| Data provided |

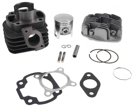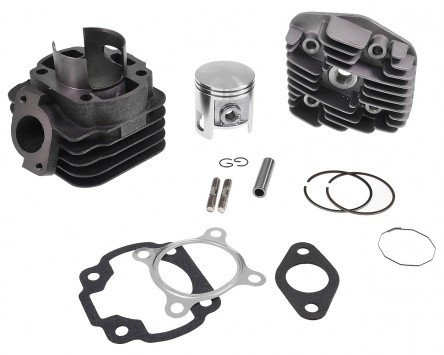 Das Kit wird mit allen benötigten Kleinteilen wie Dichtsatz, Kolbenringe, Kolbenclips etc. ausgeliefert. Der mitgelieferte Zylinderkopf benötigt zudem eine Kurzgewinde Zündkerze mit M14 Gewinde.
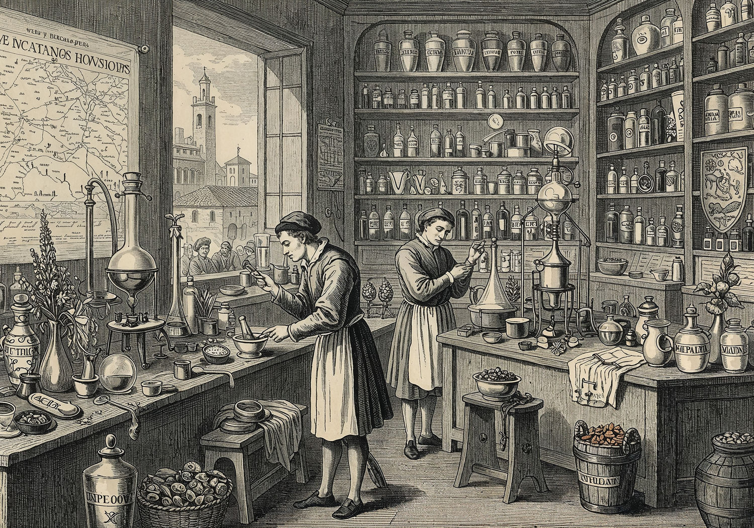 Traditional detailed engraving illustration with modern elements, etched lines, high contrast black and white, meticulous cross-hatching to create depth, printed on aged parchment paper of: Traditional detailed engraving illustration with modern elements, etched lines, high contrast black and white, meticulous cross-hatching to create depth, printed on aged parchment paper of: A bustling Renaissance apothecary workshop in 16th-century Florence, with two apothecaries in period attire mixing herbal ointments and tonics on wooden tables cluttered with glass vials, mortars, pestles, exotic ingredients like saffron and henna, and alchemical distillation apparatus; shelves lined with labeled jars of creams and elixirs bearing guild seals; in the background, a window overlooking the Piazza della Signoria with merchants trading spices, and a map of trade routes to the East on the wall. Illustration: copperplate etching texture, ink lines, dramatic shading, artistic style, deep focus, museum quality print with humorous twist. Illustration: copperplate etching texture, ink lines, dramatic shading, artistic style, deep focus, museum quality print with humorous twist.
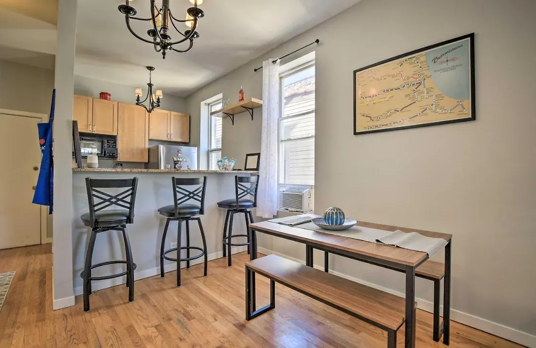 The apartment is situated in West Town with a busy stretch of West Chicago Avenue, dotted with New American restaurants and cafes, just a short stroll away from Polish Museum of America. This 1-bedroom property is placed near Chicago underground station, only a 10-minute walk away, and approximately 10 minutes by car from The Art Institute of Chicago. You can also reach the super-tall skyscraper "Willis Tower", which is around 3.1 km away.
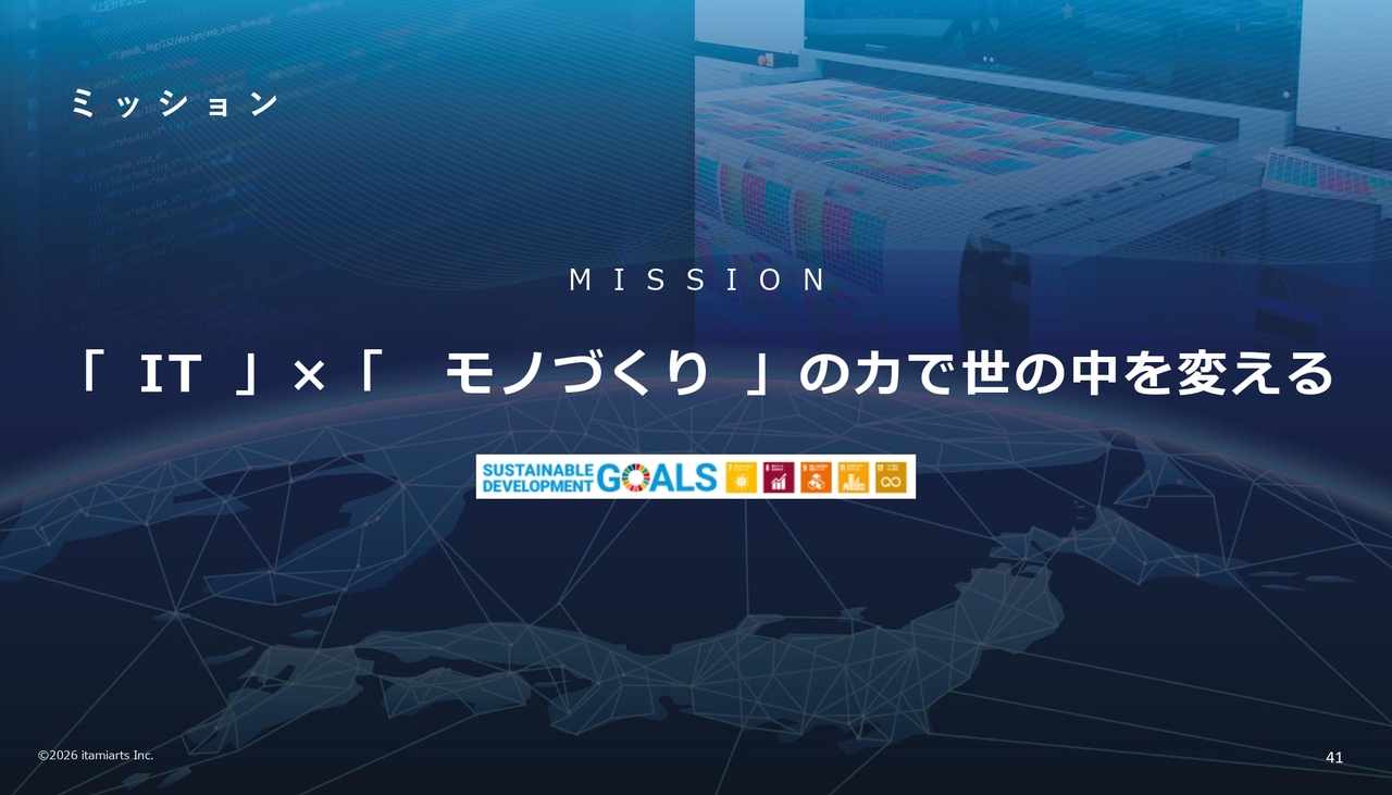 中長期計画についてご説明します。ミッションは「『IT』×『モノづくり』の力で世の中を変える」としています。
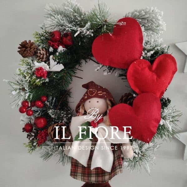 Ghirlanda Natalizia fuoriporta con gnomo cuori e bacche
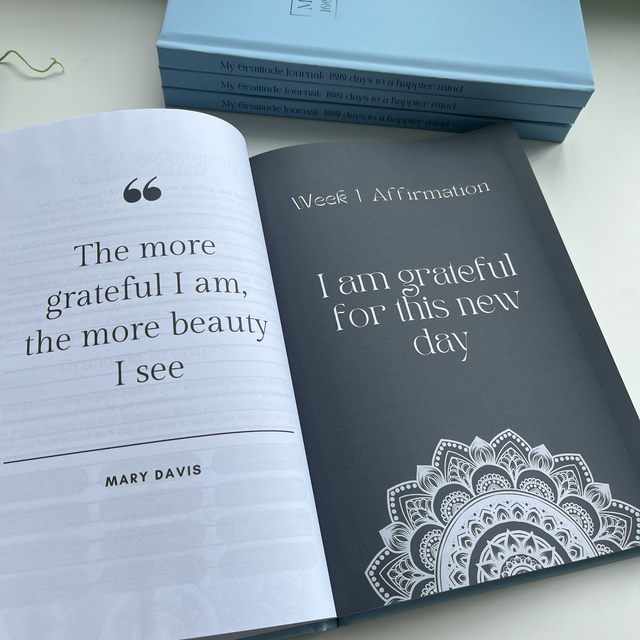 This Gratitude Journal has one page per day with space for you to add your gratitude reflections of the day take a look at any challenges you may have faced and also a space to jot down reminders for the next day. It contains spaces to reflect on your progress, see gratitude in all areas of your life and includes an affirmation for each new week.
---
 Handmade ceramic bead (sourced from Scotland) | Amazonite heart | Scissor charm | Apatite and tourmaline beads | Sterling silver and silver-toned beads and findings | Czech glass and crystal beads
--
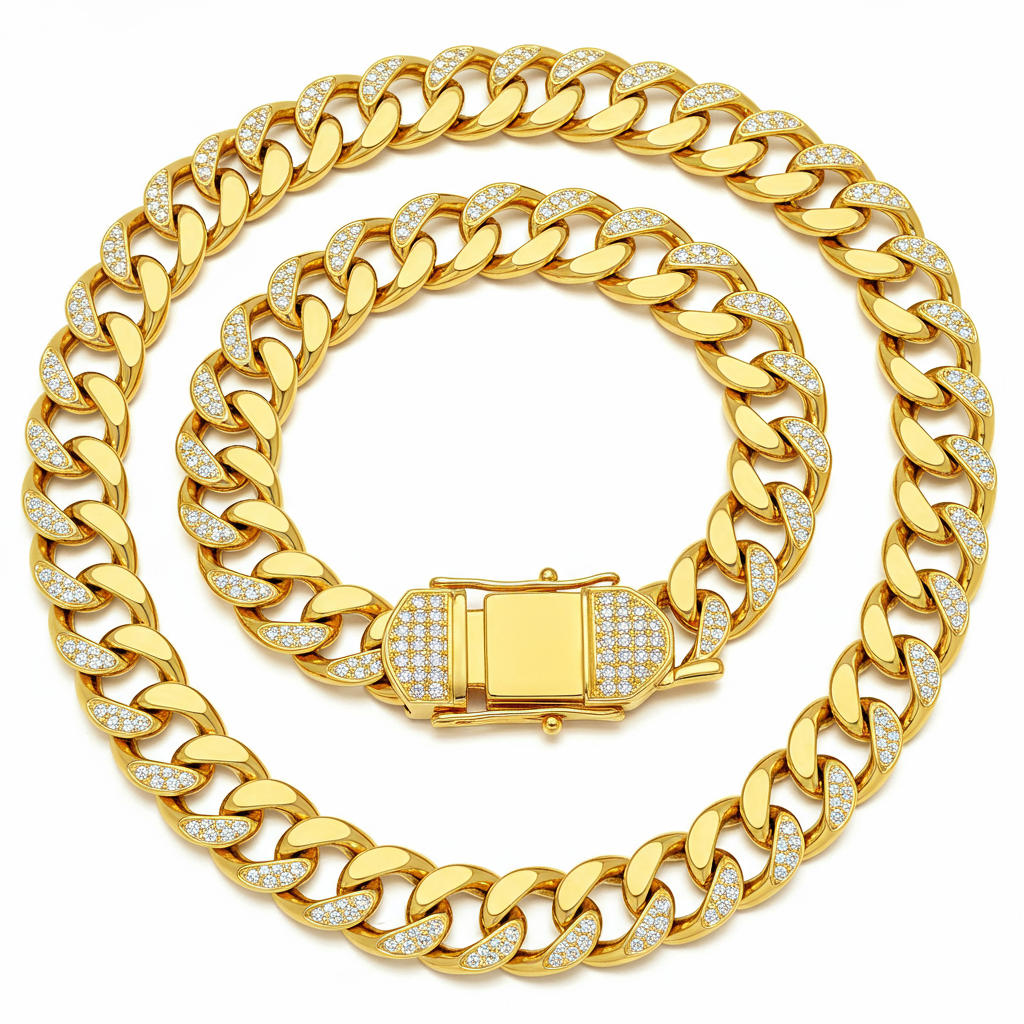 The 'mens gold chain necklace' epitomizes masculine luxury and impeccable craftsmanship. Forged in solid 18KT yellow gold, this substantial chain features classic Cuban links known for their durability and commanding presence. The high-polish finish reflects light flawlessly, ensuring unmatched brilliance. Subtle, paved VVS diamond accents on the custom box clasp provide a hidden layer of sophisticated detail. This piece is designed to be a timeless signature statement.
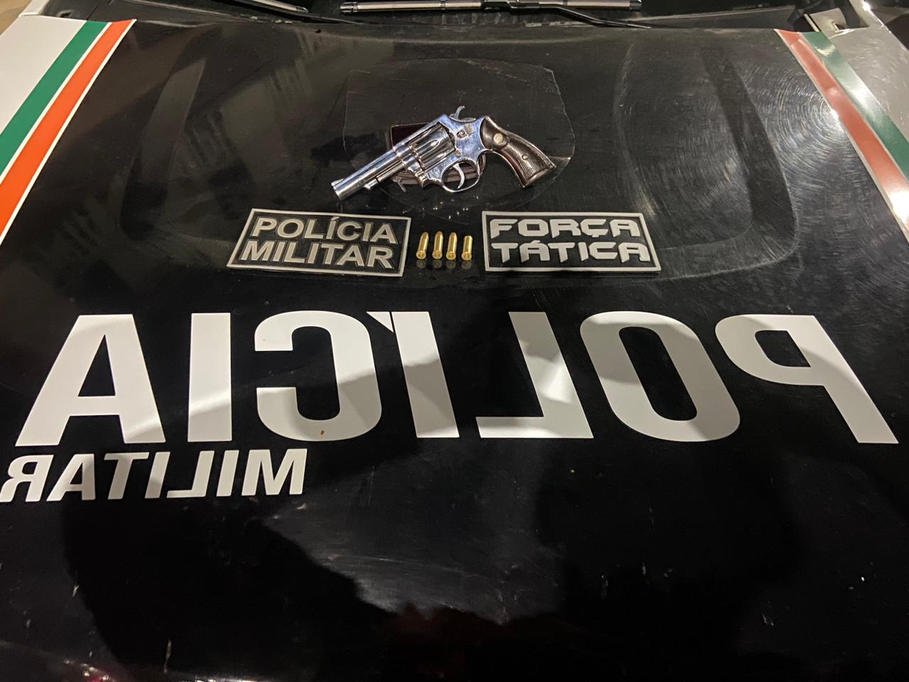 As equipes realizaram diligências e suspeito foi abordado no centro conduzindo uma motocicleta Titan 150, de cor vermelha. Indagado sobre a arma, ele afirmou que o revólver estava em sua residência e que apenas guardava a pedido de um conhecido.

| Your goal |
Using the material above, transcribe exactly the lines from the one holding "Ghirlanda Natalizia fuoriporta" to the one holding "This Gratitude Journal", both ends kept. Do not carry over any pictures.

| Result of the exercise |
 Ghirlanda Natalizia fuoriporta con gnomo cuori e bacche
 This Gratitude Journal has one page per day with space for you to add your gratitude reflections of the day take a look at any challenges you may have faced and also a space to jot down reminders for the next day. It contains spaces to reflect on your progress, see gratitude in all areas of your life and includes an affirmation for each new week.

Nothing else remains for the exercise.